Instructions to follow:
The result should be the full listing copied exactly, with no pictures in it.

Provided data:
···

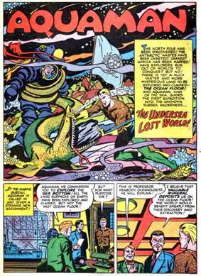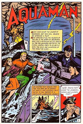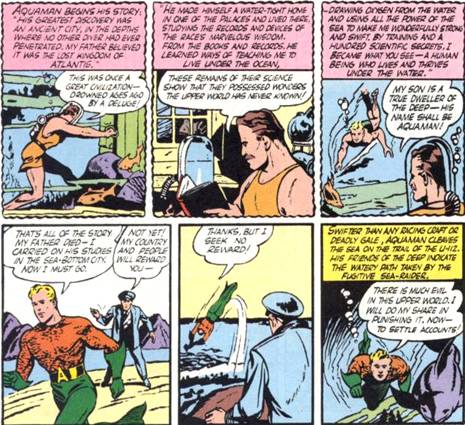 En estas escasas ocho páginas, Aquaman no sólo frustra los malignos planes de los nazis, sino que hasta tiene tiempo de batir algunas postas sobre su origen: Su padre, muerto poco antes, era un famoso explorador de los océanos, y su madre había muerto cuando él era muy chico. El padre de Aquaman le enseñó secretos científicos que lo capacitaron para vivir y respirar bajo el agua y “usar el poder del mar para hacerme maravillosamente fuerte y veloz”. O sea que, en un principio, estamos hablando de un humano científicamente alterado para convertirse en un poderoso anfibio, capaz de hablar con los peces y agujerear un submarino de una trompada. No está mal…
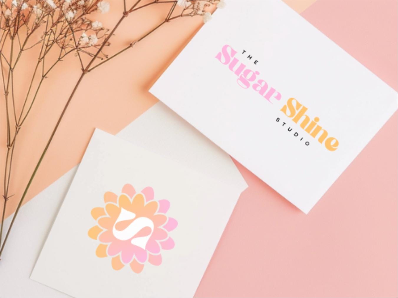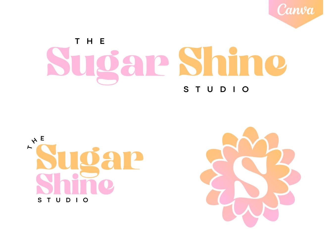 Bright Minimal Salon and Spa Logo Bundle - Editable Beauty and Cosmetics Logo - Orange and Pink Flower Design - Editable Branding Board
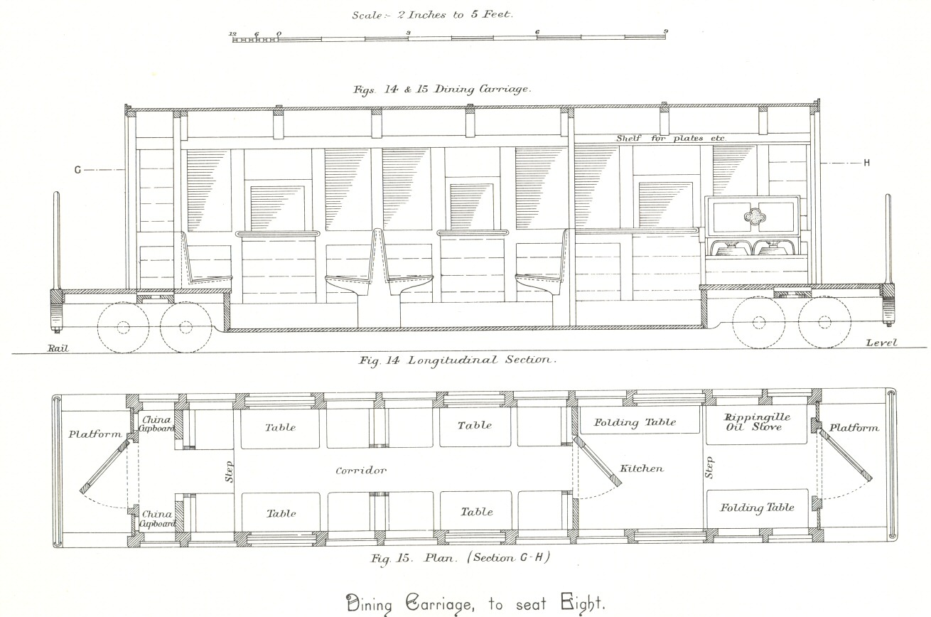 Arrangement drawing of Dining Carriage to seat eight.
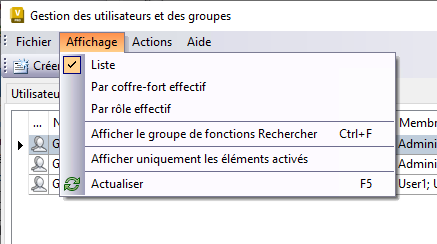 Vous pouvez afficher les groupes sous forme de liste simple répertoriant les coffres-forts effectifs auxquels les groupes ont accès, ou sous forme de liste classée par rôles effectifs.
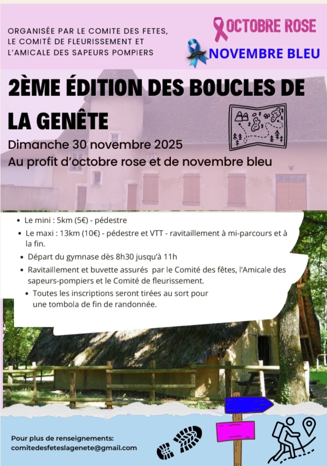 - 30 Novembre : Boucles de la Genête organisé par Comité des Fêtes, le Comité de Fleurissement et l’amicale des Pompiers
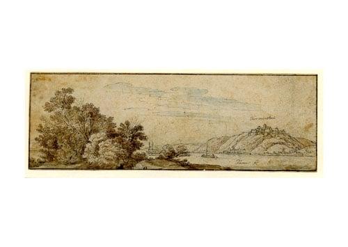 Study for an engraving depicting a landscape with a view of Ehrenbreitstein on a hill above. This is one of 111 drawings bequeathed to the British Museum by Rosi Schilling in 1997. The majority of this collection of drawings formed by Dr Edmund Schilling was bequeathed to the British Museum through the Art Fund by his widow, Mrs Rosi Schilling, in 1993. Schilling was a former curator of the Stadelsches Kunstinstitut in Frankfurt, who emigrated to England in 1937. He was one of the few acknowledged specialists in this country on German graphic art, and built up his collection during the 1940s and 1950s in London when, Northern drawings were unfashionable and could be bought relatively inexpensively. His collection included drawings by major artists such as Hans Baldung and Lucas Cranach.
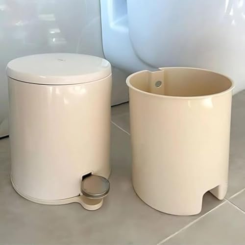 Generic - سلة مهملات من الفولاذ المقاوم للصدأ بغطاء أملس وسلة داخلية، مناسب للحمام والمطبخ والمكتب من سيجو، 28 × 20 سم (الارتفاع × العرض)، سعة 6 ل، بيج
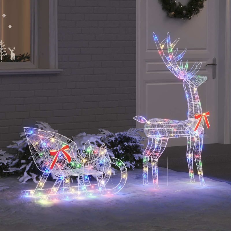 Poron vetämä joulusleigh värikäs 70 x 26 x 128.5 cm Akryyli
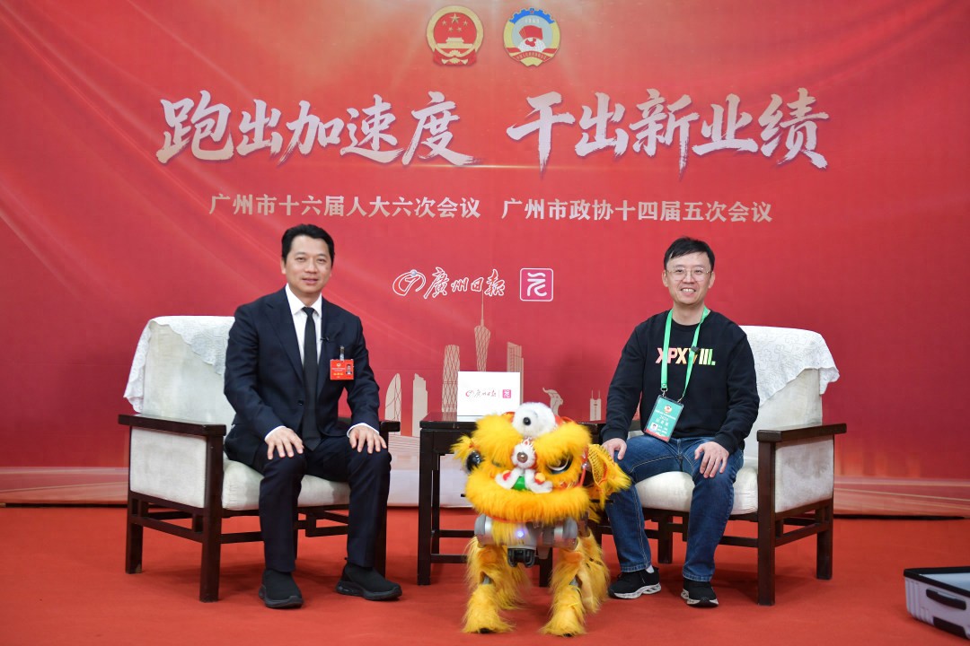 这么大的行李箱里,到底装着什么宝贝?在广州日报直播间,杨强向记者揭开了谜底——一只公司新研发的氢能机器狗。这只机器狗着实是个“萌宠”,头顶着舞狮的狮头,走路时眼睛眨巴眨巴,它可以像真狗一样坐着或趴着,还能伸出自己的“狗爪”,礼貌地和记者握手。

···

Worked solution:
 En estas escasas ocho páginas, Aquaman no sólo frustra los malignos planes de los nazis, sino que hasta tiene tiempo de batir algunas postas sobre su origen: Su padre, muerto poco antes, era un famoso explorador de los océanos, y su madre había muerto cuando él era muy chico. El padre de Aquaman le enseñó secretos científicos que lo capacitaron para vivir y respirar bajo el agua y “usar el poder del mar para hacerme maravillosamente fuerte y veloz”. O sea que, en un principio, estamos hablando de un humano científicamente alterado para convertirse en un poderoso anfibio, capaz de hablar con los peces y agujerear un submarino de una trompada. No está mal…
 Bright Minimal Salon and Spa Logo Bundle - Editable Beauty and Cosmetics Logo - Orange and Pink Flower Design - Editable Branding Board
 Arrangement drawing of Dining Carriage to seat eight.
 Vous pouvez afficher les groupes sous forme de liste simple répertoriant les coffres-forts effectifs auxquels les groupes ont accès, ou sous forme de liste classée par rôles effectifs.
 - 30 Novembre : Boucles de la Genête organisé par Comité des Fêtes, le Comité de Fleurissement et l’amicale des Pompiers
 Study for an engraving depicting a landscape with a view of Ehrenbreitstein on a hill above. This is one of 111 drawings bequeathed to the British Museum by Rosi Schilling in 1997. The majority of this collection of drawings formed by Dr Edmund Schilling was bequeathed to the British Museum through the Art Fund by his widow, Mrs Rosi Schilling, in 1993. Schilling was a former curator of the Stadelsches Kunstinstitut in Frankfurt, who emigrated to England in 1937. He was one of the few acknowledged specialists in this country on German graphic art, and built up his collection during the 1940s and 1950s in London when, Northern drawings were unfashionable and could be bought relatively inexpensively. His collection included drawings by major artists such as Hans Baldung and Lucas Cranach.
 Generic - سلة مهملات من الفولاذ المقاوم للصدأ بغطاء أملس وسلة داخلية، مناسب للحمام والمطبخ والمكتب من سيجو، 28 × 20 سم (الارتفاع × العرض)، سعة 6 ل، بيج
 Poron vetämä joulusleigh värikäs 70 x 26 x 128.5 cm Akryyli
 这么大的行李箱里,到底装着什么宝贝?在广州日报直播间,杨强向记者揭开了谜底——一只公司新研发的氢能机器狗。这只机器狗着实是个“萌宠”,头顶着舞狮的狮头,走路时眼睛眨巴眨巴,它可以像真狗一样坐着或趴着,还能伸出自己的“狗爪”,礼貌地和记者握手。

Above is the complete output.